Book 6 of Lucky Harbor


While there were a lot of things about this book that bugged me, such as some characters' behaviors, or the almost too deliberate "Meant to Be" vibe coming off our couple in spades--actions, thoughts, and dialogue from both Grace's and Josh's POVs overtly mirroring each other--I found that I actually, really enjoyed this book.

Nonetheless, there were still a lot of loose ends left unwrapped, and some side tangents left unfollowed.  I feel satisfied, but at the same time... well, not quite.  If ya know what I mean.

The Story:
Grace has spent her entire life trying to live up to her adoptive parents' standards, the two of them being rocket scientist over-acheivers.  While she cannot follow in her parents' footsteps to take on a career in the sciences, Grace has found her niche in numbers, financials, accounting... the like, and is determined to be the most successful financial manager for any prospective business that will hire her.  Unfortunately, her goals are dashed when she takes a position in Seattle, only to find that her boss is more interested in what she can do for him on a more personal level, if she wants to keep rising in her field.  With that, Grace walks away from that job and arrived in Lucky Harbor, hoping to find herself and figure out what her next steps will be.

In the meantime, she finds herself taking up all forms of odd end jobs in order to survive her day-to-day, including an impromptu dog-walker job for Lucky Harbor's favorite young doctor, Joshua Scott.  In no time, she's also babysitting Dr. McHottie's son, trying to help counsel his paraplegic baby sister, and generally worming her way into somehow managing to help organize his personal life for him.

After all, as an ER doctor who also inherited his father's practice, Josh doesn't seem to be able to find an extra hour anywhere in his day to spend with his sister or his son; something that has been looming over him as a source of regret.  But Grace's presence seems to start a cascade of change in his life; not only is he uncontrollably attracted to her, but her passion for everything she does seems to help him figure out how to finally balance his work and personal life...

... or something like that...

My Thoughts:
There's no good way to really summarize a book when, to be totally honest, very little happens outside of the developments between our main couple.  Sure, there are also developments between Josh and his sister, but those almost feel picked over in favor of the romance.  And then there's even the nonexistent interactions between Grace and her parents--I would have really loved to have seen something happen between them, such as an understanding that Grace doesn't have to become as "perfect" as her rocket scientist parents.  But this subject was never really touched upon outside of Grace's own misgivings and self-doubts.

I would have loved to see that maybe Grace's adoptive parents were never truly that stuck on Grace being the best or the perfect, ambitious over achiever.  I would have loved to see whether or not all of these obligations she's set for herself, were maybe just her own, and not her parents'.

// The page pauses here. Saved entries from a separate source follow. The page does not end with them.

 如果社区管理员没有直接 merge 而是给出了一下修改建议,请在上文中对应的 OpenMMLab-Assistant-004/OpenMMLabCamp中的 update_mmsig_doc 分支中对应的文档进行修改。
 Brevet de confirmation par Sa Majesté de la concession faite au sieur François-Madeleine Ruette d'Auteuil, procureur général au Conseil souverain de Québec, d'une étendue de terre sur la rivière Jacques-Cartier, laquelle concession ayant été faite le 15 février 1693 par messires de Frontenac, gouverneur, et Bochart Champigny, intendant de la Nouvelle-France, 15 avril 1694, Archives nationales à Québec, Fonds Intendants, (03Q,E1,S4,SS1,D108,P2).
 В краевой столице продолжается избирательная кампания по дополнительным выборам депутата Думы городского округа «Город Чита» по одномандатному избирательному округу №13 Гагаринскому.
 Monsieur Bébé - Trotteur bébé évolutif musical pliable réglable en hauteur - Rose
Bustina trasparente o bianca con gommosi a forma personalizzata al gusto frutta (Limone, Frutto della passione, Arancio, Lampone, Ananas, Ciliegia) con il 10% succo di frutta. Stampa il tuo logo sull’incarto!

Coming back to the relationship between Josh and his sister, Anna--the story behind the animosity stems from Anna's anger after a tragic car accident that kills the Scott parents and leaves Anna paralyzed.  But as we can see, Anna seems perfectly capable of taking care of herself, but has made it her life's mission to make her elder brother miserable in order to sate her feelings of anger, unable to truly express her self-doubt about her own life.

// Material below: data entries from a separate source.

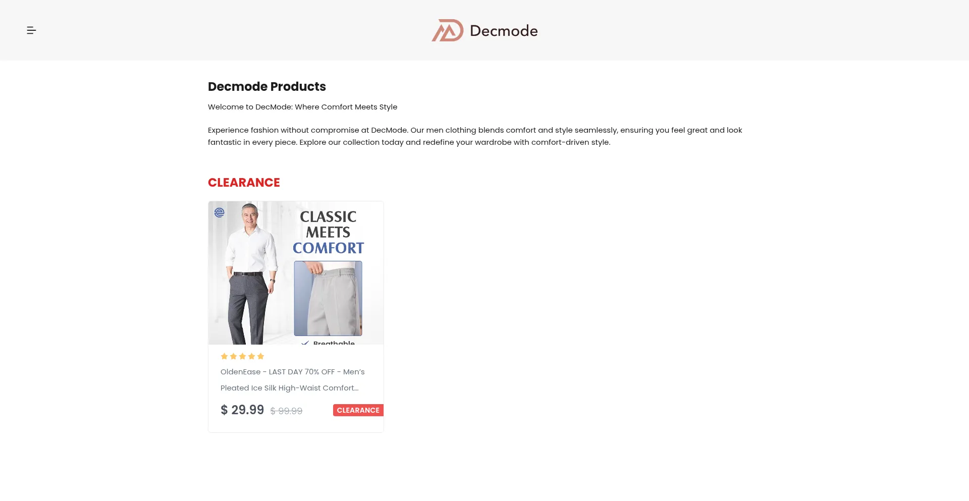 Welcome to DecMode: Where Comfort Meets Style Experience fashion without compromise at DecMode. Our men clothing blends comfort and style seamlessly, ensuring you feel great an...
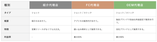 また、リニューアル前もご用意しておりましたapplimo(アプリモ)を販売・制作するFC代理店、自由なブランドで販売・制作が可能なOEM代理店も継続で展開いたします。
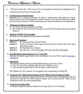 TRAC 43rd Session (19 – 22 Nov 2018) @ Pentecost MC
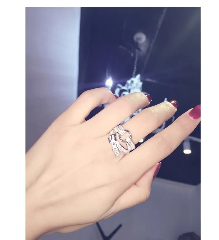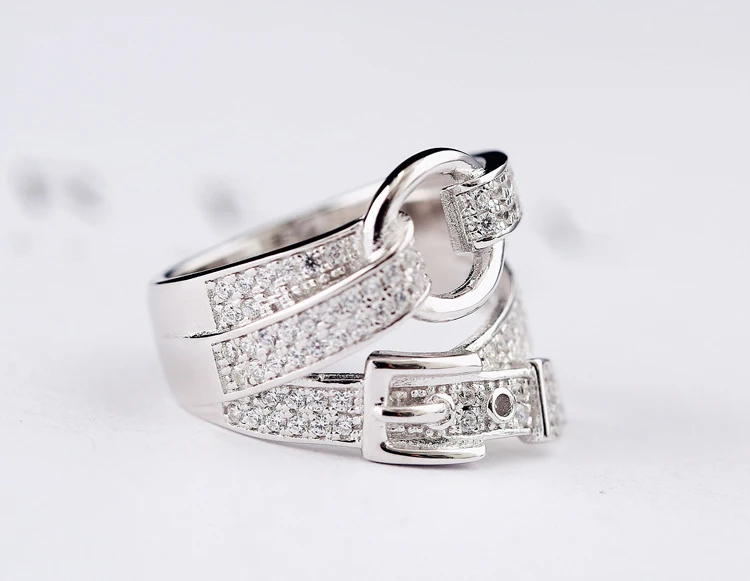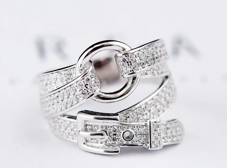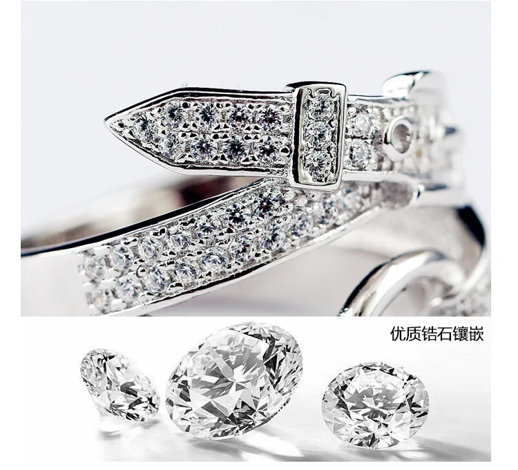 DIEERLAN Bohemian Fashion 925 Sterling Silver Zirconia Belt Rings for Women Wedding Engagement Big Finger Ring Fancy Jewelry
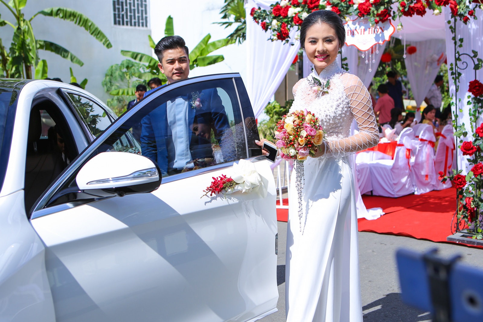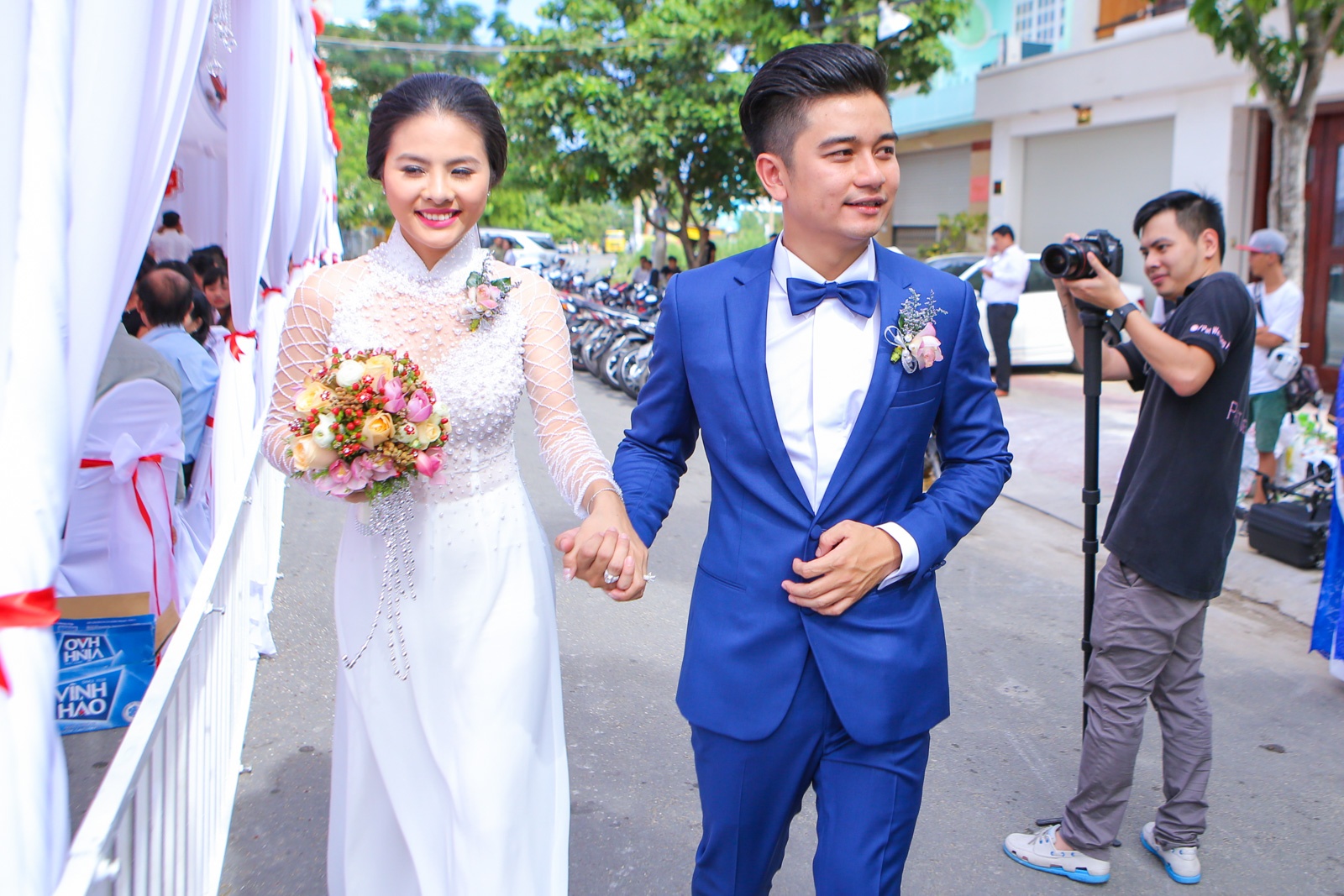 | Cặp uyên ương nắm chặt tay nhau hạnh phúc khi cùng đón khách mời và chào hỏi hai họ. Cô dâu duyên dáng trong thiết kế áo dài trắng, là quà tặng của chuyên gia trang điểm Huỳnh Lợi. |
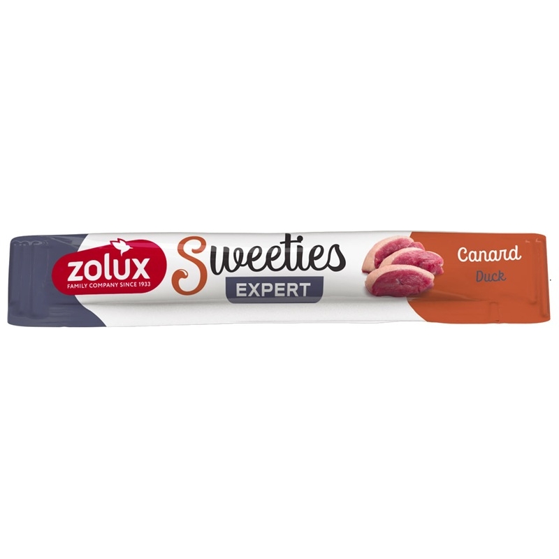 Gracias a su formato en sobres individuales, el Zolux Sweeties de Pato es fácil de servir directamente desde el envase, añadir al comedero o utilizar en una alfombra de lamido para una experiencia relajante y estimulante. Su receta sin colorantes, aromas artificiales ni azúcares añadidos garantiza una recompensa saludable y de gran calidad, apta incluso para perros esterilizados o con digestiones sensibles.
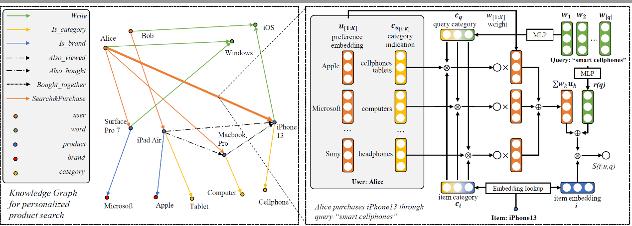 论文概述:现有的个性化产品搜索往往将用户兴趣建模为单个向量,忽略了用户在不同产品类别上可能存在不同偏好的问题。为了解决这个问题,本文提出了一个基于KG的多兴趣模型来建模用户偏好。该多兴趣模型除了建模了用户的兴趣向量之外,也刻画了每个兴趣向量对应的产品类别分布情况,通过基于查询和产品的注意力机制,集成多维兴趣对产品进行打分。同时在模型训练时,我们引入了一个多样化损失项,防止建模的同一用户的不同兴趣出现同质化现象。实验结果证明,我们提出的模型相比现有模型有明显的效果提升。

I thought there could have been so much more development between these two; a way in which they could come to some sort of understanding.  After the death of their parents, Josh was also thrown into a whirlwind of chaos, because not long before his parents died, he was left with little Toby when the little boy's mother walks away, never looking back.  On top of that, Josh had just started his career as a doctor.

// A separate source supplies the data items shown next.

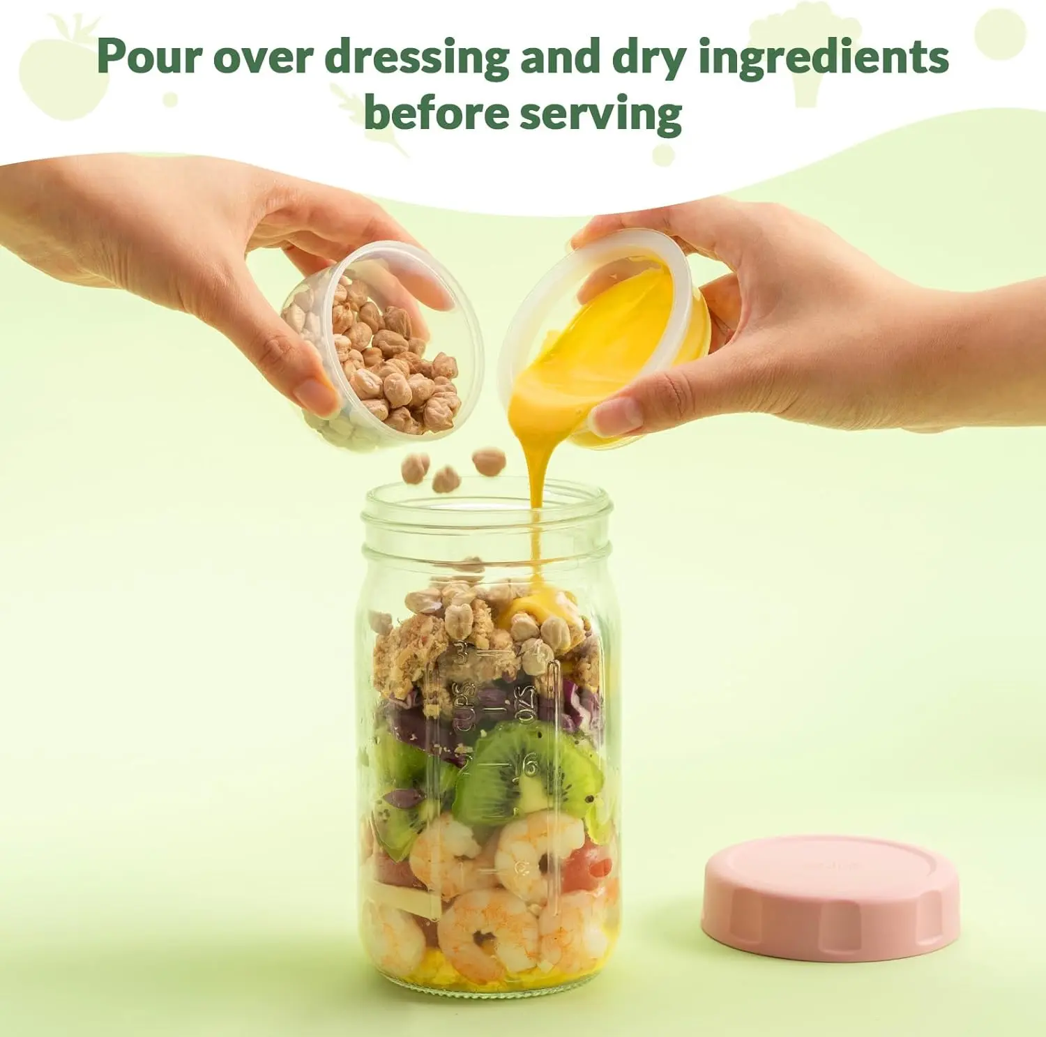 ·Two Serving Scenes to Choose from - You can take the salad jar with lid out of the fridge and pour it into a salad bowl, top with dressing and crunchy beans, stir, and enjoy a bowl of fresh, crisp salad at home; Or take it with you on the go and use it as a salad container for your outdoor picnics or work lunches!
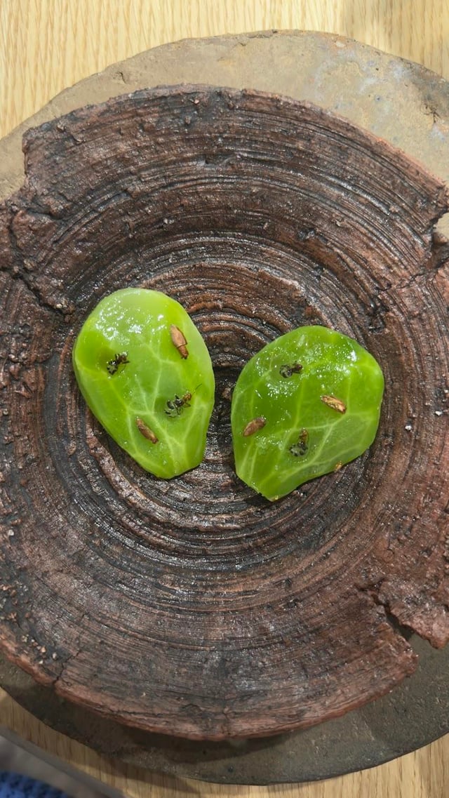 How did you eat the prickly cactus leaf with a spring of eucalyptus?
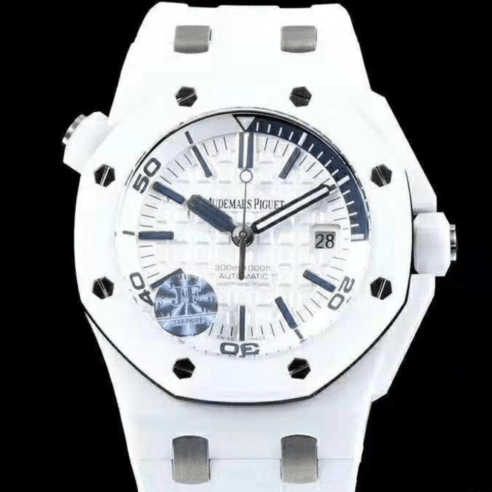 오데마피게 로얄오크 오프쇼어 다이버 화이트 다이얼 러버 스트랩 42mm 15707
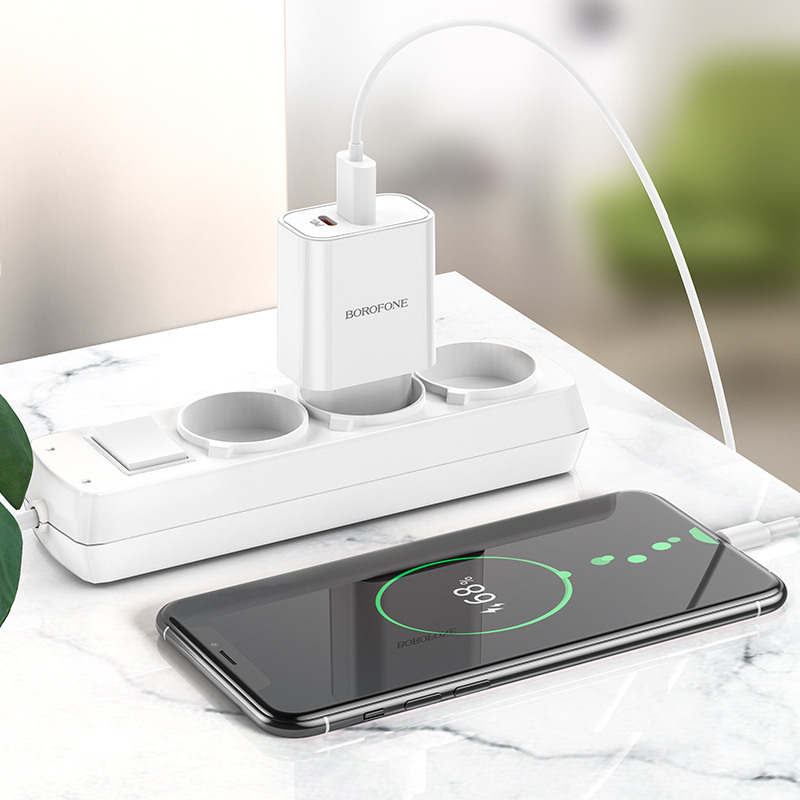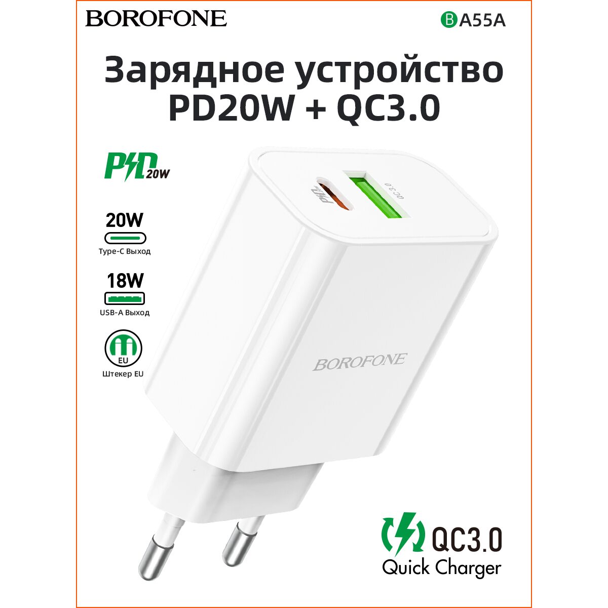 СЗУ Borofone BA55A Crown speed dual port PD20W+QC3.0 charger, white

The two Scott siblings had so much going on between the two of them, in their lives, and to add onto that, we learn that they are too stubborn for their own good to initiate taking a step towards working out their issues and fixing their relationship.

Even with Grace's presence as a catalyst, I think there could have been so much more potential between Josh and Anna's sibling relationship development.  The version in this book feels kind of deflated, truth be told.

Anyway, Jill Shalvis still manages to deliver a very enjoyable romance, though she DOES tend to focus too much on the romance, at the detriment of other tangential story lines that would have been awesome if expanded upon.

Nonetheless, Forever and a Day is probably my favorite of this second trio of books in the Lucky Harbor series.  Grace's unabashed show of ogling and groping Josh was actually kind of entertaining.  This is one couple whose romantic development actually felt fairly down-to-earth, with an insta-lust slowly growing into a full blown relationship, and then to love.

It's just unfortunate that their relationship still suffers from that same ailment that all romance novel couples suffer from--lack of proper communication.  No matter that Grace DOES spend a lot of time trying to pry into Josh's stubborn, tight-lipped secrets, whether to be helpful in figuring out how to take care of him and his family, or just out of pure curiosity.  The two still spend a lot of time second-guessing what each other want for their lives without once trying to talk it out until the end.

Meanwhile, Anna tended to get on my nerves with her bratty behavior--some of it that could have even been quite dangerous to a five year old little boy--and so did the way that Josh treated her.  These siblings could really use some good counseling, mainly on how to stop purposefully pissing each other off.  Then again, being one fourth of a set of siblings myself, I know perfectly well that there is no such thing as logical discussion when it comes to siblings and rivalry and the like.  Sometimes, you just fight for the stupidest reasons... because you can.  It's what siblings do.  Because at the end of the day, you're still related to each other.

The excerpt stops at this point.